Nach § 1 KO bildet das gesamte der Exekution unterworfene Vermögen des Gemeinschuldners, das er zur Zeit der Konkurseröffnung hat oder das er während des Konkurses erlangt, die Konkursmasse (Buchegger in Bartsch/Pollak/Buchegger, Österreichisches Insolvenzrecht4 Rz 42 mwH). Die Arbeitskraft des Gemeinschuldners bildet keinen Massebestandteil. In die Konkursmasse fällt nur der Erwerb, der dem Gemeinschuldner während des Konkurses zufließt.
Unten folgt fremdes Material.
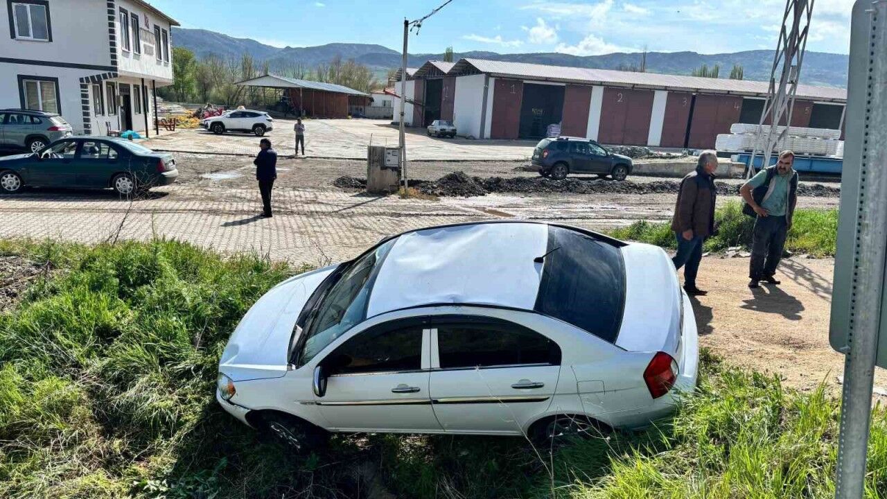Çorum’un Sungurlu ilçesinde menfeze düşen otomobilin sürücüsü yaralandı.

Gemeint ist der reine Erlös aus der Erwerbstätigkeit also der Nettoerwerb (Schubert in Konecny/Schubert aaO § 5 Rz 3; Buchegger aaO § 5 Rz 16). Hieraus ist abzuleiten, dass nur jene nach den persönlichen Verhältnissen des Gemeinschuldners bemessenen öffentlichen Abgaben Masseforderungen sein können, die auf das für die Konkursmasse nach der Konkurseröffnung erzielte Einkommen entfallen. Eine bloß an die Tätigkeit in Verbindung mit der Gesellschafterstellung anknüpfende Beitragspflicht verschafft aber in keiner Weise Vermögenswerte, die der Masse zugute kommen können.
Der Revision ist daher der Erfolg zu versagen.
Die Kostenentscheidung gründet sich auf §§ 41, 50 ZPO.